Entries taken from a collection

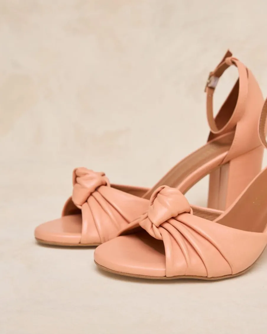 Sandale à talon pêche. Pointe arrondie. Encolure avec détail de nœud au centre. Fermeture de la cheville par sangle réglable avec boucle carrée. Une chaussure élégante et confortable.
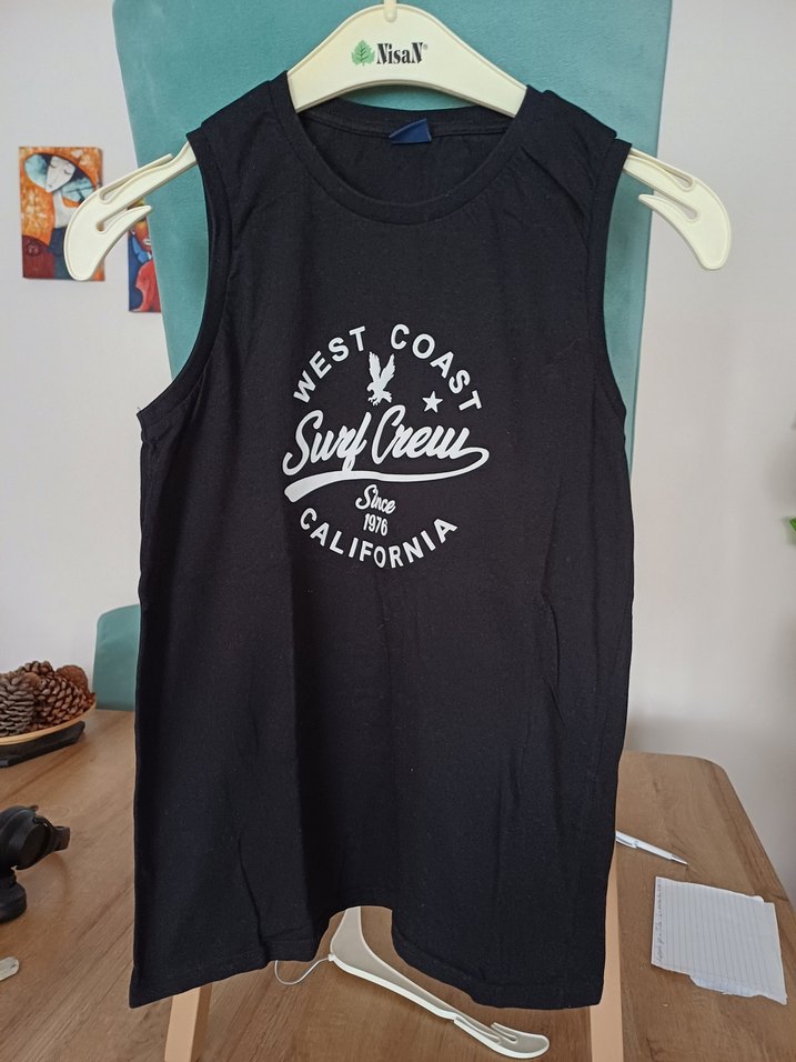 Vaikiki..Siyah renkli, pamuklu, kolsuz ve bol kesim erkek çocuk tişörtü. Önünde baskılı grafik ve yuvarlak yakası vardır. ♂️ omuzdan boy 60cm..iki kol arası 50cm huzurla iyi günlerde kullanın
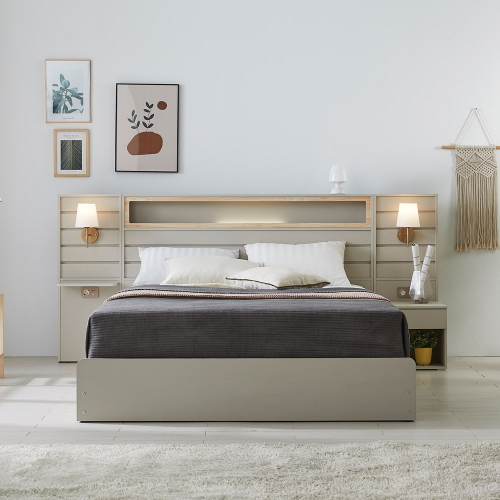 베디스 호텔식 피렌체 편백 수납형 LED침대 SS+선반패널 [매트별도]
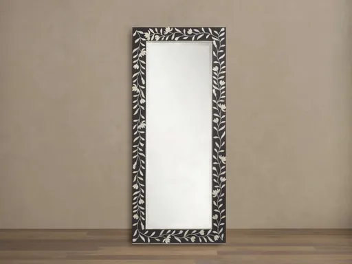 Handcrafted in collaboration with artisans in the remote city of Udaipur, India, our Divya Floor Mirror is inspired by traditional designs. Mosaic floral motifs, reminiscent of jasmine blossoms, are created from individually placed bone inlays.
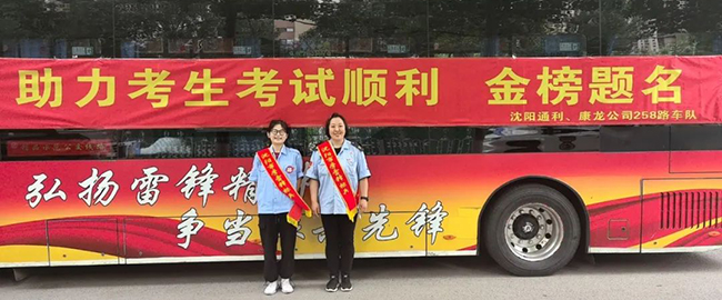 高考期間,一、二分公司王樹祥勞模黨員志愿者服務隊所在的224路車隊1129號車、沈陽市精品示范線路158路車隊0452號車變身“愛心助考車”。
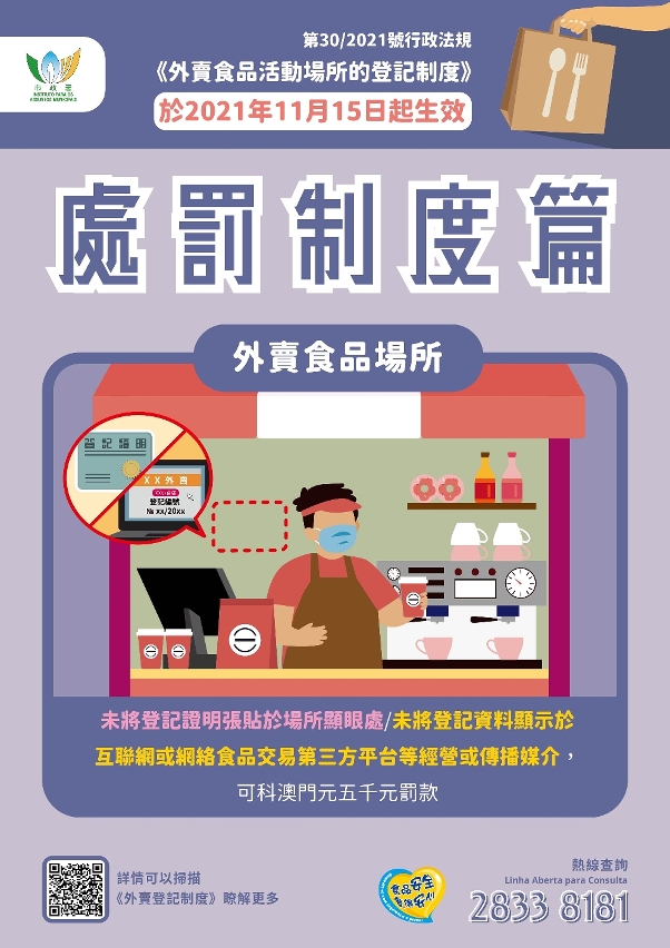 第30/2021號行政法規《外賣食品活動場所的登記制度》已於2021年11月15日生效,違反登記制度的相關規定,可被科處五千至三萬五千澳門元罰款。不論外賣店或是網絡食品交易第三方平台負責人,須瞭解登記制度的有關要求,守法經營。
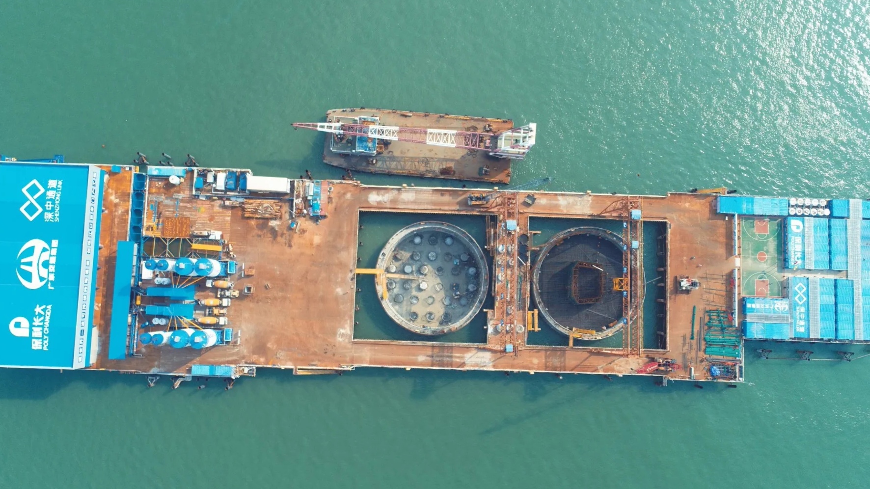 保利集團保利長大承建的國家重點工程——深中通道伶仃洋大橋海上施工平臺。
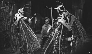 Barbara (Jacqueline Hill) encounters the alien Menoptra in Doctor Who, 1965
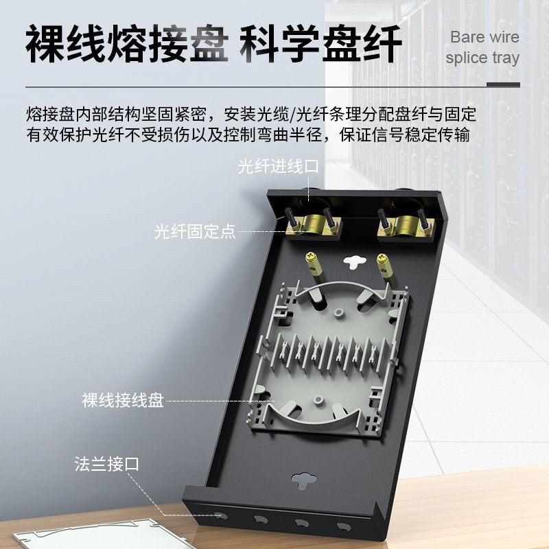 加厚加強冷軋板材質, 抗壓耐沖擊持久使用不變形, 承重力強。采用黑色環(huán)氧靜電噴塑烤漆工藝, 高度耐磨耐腐蝕不沾指紋, 質感好。采用低損配件, 減少信號傳輸損耗;卡扣和螺絲采用內凹設計, 堆疊平穩(wěn), 節(jié)省空間;安裝快捷,掛孔設計;熔接盤內部結構堅固緊密, 安裝光纜/光纖條理分配盤纖與固定, 有效保護光纖不受損傷以及控制彎曲半徑保證信號穩(wěn)定傳輸。

## About this exercise:
In the records above, transcribe exactly the lines from the one containing "保利集團保利長大承建的國家重點工程——深中通道伶仃洋大橋海上施工平臺。" through the last line, both included, and skip the pictures.

## Solution below:
 保利集團保利長大承建的國家重點工程——深中通道伶仃洋大橋海上施工平臺。
 Barbara (Jacqueline Hill) encounters the alien Menoptra in Doctor Who, 1965
 加厚加強冷軋板材質, 抗壓耐沖擊持久使用不變形, 承重力強。采用黑色環(huán)氧靜電噴塑烤漆工藝, 高度耐磨耐腐蝕不沾指紋, 質感好。采用低損配件, 減少信號傳輸損耗;卡扣和螺絲采用內凹設計, 堆疊平穩(wěn), 節(jié)省空間;安裝快捷,掛孔設計;熔接盤內部結構堅固緊密, 安裝光纜/光纖條理分配盤纖與固定, 有效保護光纖不受損傷以及控制彎曲半徑保證信號穩(wěn)定傳輸。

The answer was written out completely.